Performative prediction, as introduced by Perdomo et al. (2020), is a framework for studying social prediction in which the data distribution itself changes in response to the deployment of a model. Existing work on optimizing accuracy in this setting hinges on two assumptions that are easily violated in practice: that the performative risk is convex over the deployed model, and that the mapping from the model to the data distribution is known to the model designer in advance. In this paper, we initiate the study of tractable performative prediction problems that do not require these assumptions. To tackle this more challenging setting, we develop a two-level zeroth-order optimization algorithm, where one level aims to compute the distribution map, and the other level reparameterizes the performative prediction objective as a function of the induced data distribution. Under mild conditions, this reparameterization allows us to transform the non-convex objective into a convex one and achieve provable regret guarantees. In particular, we provide a regret bound that is sublinear in the total number of performative samples taken and only polynomial in the dimension of the model parameter.

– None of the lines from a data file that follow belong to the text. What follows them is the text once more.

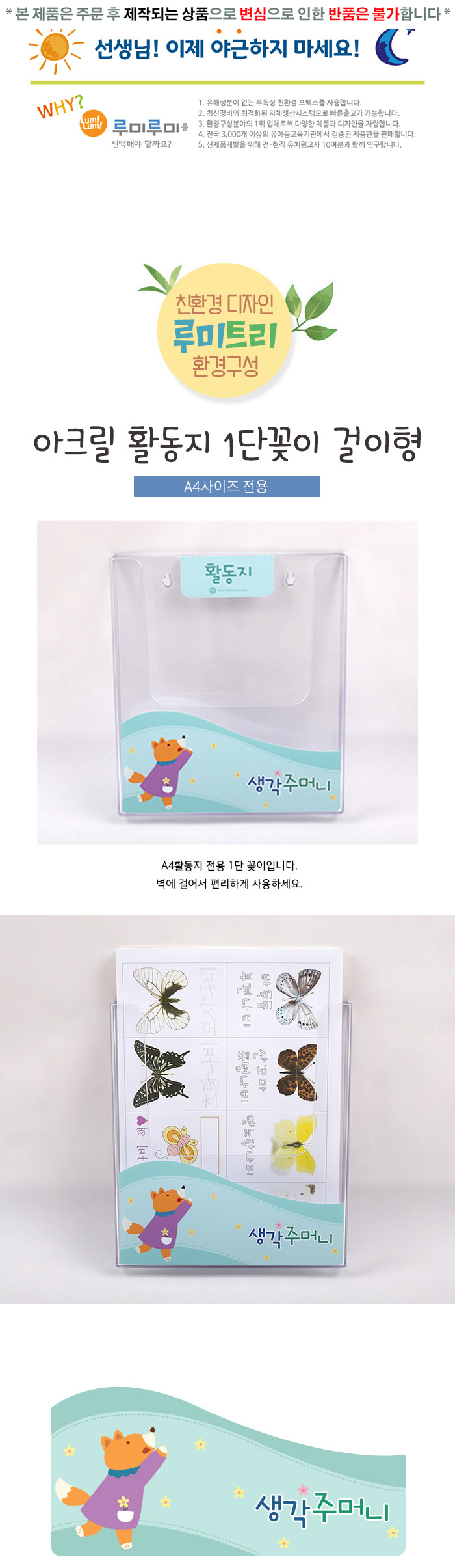 아크릴 활동지 1단꽂이 걸이형 A4전용 책장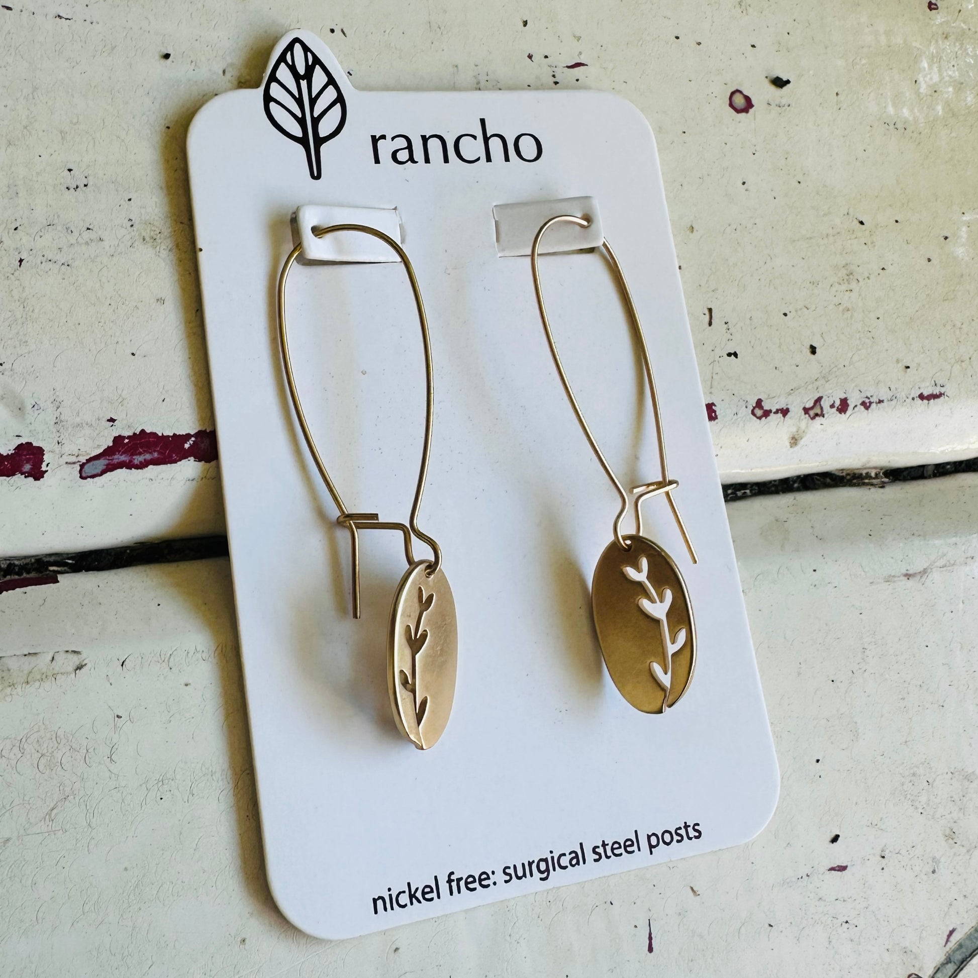 The Seedling Oval Catch Back Hook Earrings from Rancho are stunning.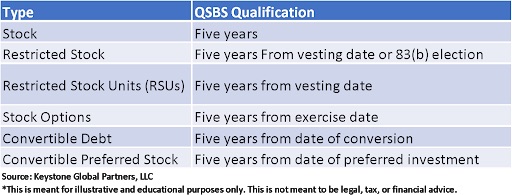 You can reference the table below to determine the QSBS qualification holding period for different types of equity. This is one of the most valuable and significant tax incentives for founders and early employees, but not everyone will qualify.

翻译：表演性预测（Perdomo et al., 2020）是一个研究社会预测的框架，其中数据分布本身会随着模型的部署而发生改变。现有关于在此情境下优化准确性的工作依赖于两个在实践中容易违反的假设：表演性风险关于所部署模型是凸的，且从模型到数据分布的映射被模型设计者事先知晓。在本文中，我们开创性地研究不依赖这些假设的可解表演性预测问题。为处理这一更具挑战性的场景，我们开发了一种双层零阶优化算法，其中一层旨在计算分布映射，另一层则将表演性预测目标重参数化为诱导数据分布的函数。在温和条件下，这种重参数化使我们能够将非凸目标转化为凸目标，并获得可证明的遗憾保证。特别地，我们给出的遗憾界关于总表演性样本数量是次线性的，且仅关于模型参数维度呈多项式增长。